* EXERCISE GOAL
Using the material below, print a verbatim copy of every line from the one containing "Manuel Vázquez Seijido" through the one containing "These Labradorite Cabochons", inclusive, and omit the pictures.

* GIVEN DATA
- - - - - - -

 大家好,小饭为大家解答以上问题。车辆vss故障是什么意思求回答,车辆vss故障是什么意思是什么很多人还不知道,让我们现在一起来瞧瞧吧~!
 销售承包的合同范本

- - - - - - -

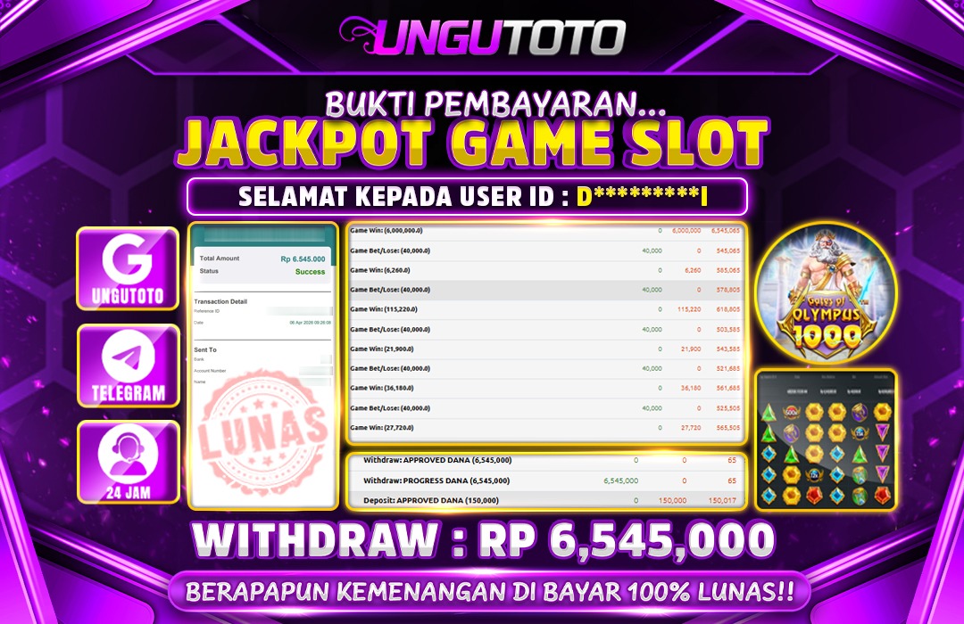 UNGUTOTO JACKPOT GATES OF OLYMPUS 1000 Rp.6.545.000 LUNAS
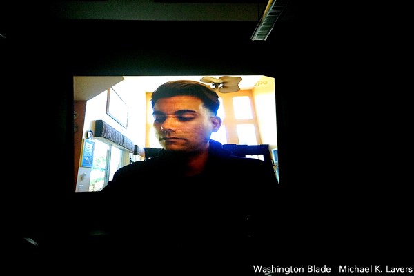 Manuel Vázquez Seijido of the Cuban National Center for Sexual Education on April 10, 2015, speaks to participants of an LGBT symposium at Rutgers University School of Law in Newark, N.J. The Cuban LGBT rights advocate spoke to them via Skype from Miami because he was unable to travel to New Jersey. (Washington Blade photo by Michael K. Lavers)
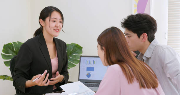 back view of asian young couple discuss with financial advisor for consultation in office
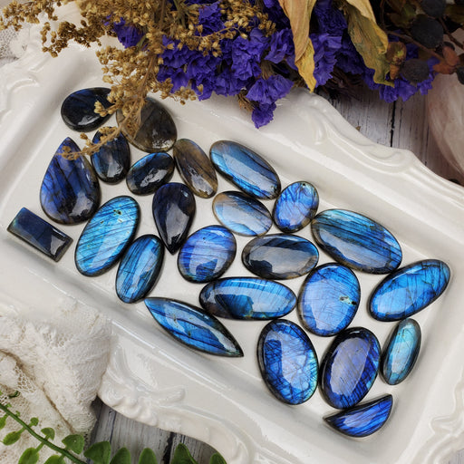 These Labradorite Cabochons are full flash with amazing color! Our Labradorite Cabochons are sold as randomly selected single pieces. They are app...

- - - - - - -

* ANSWER TO THE PROBLEM
 Manuel Vázquez Seijido of the Cuban National Center for Sexual Education on April 10, 2015, speaks to participants of an LGBT symposium at Rutgers University School of Law in Newark, N.J. The Cuban LGBT rights advocate spoke to them via Skype from Miami because he was unable to travel to New Jersey. (Washington Blade photo by Michael K. Lavers)
 back view of asian young couple discuss with financial advisor for consultation in office
 These Labradorite Cabochons are full flash with amazing color! Our Labradorite Cabochons are sold as randomly selected single pieces. They are app...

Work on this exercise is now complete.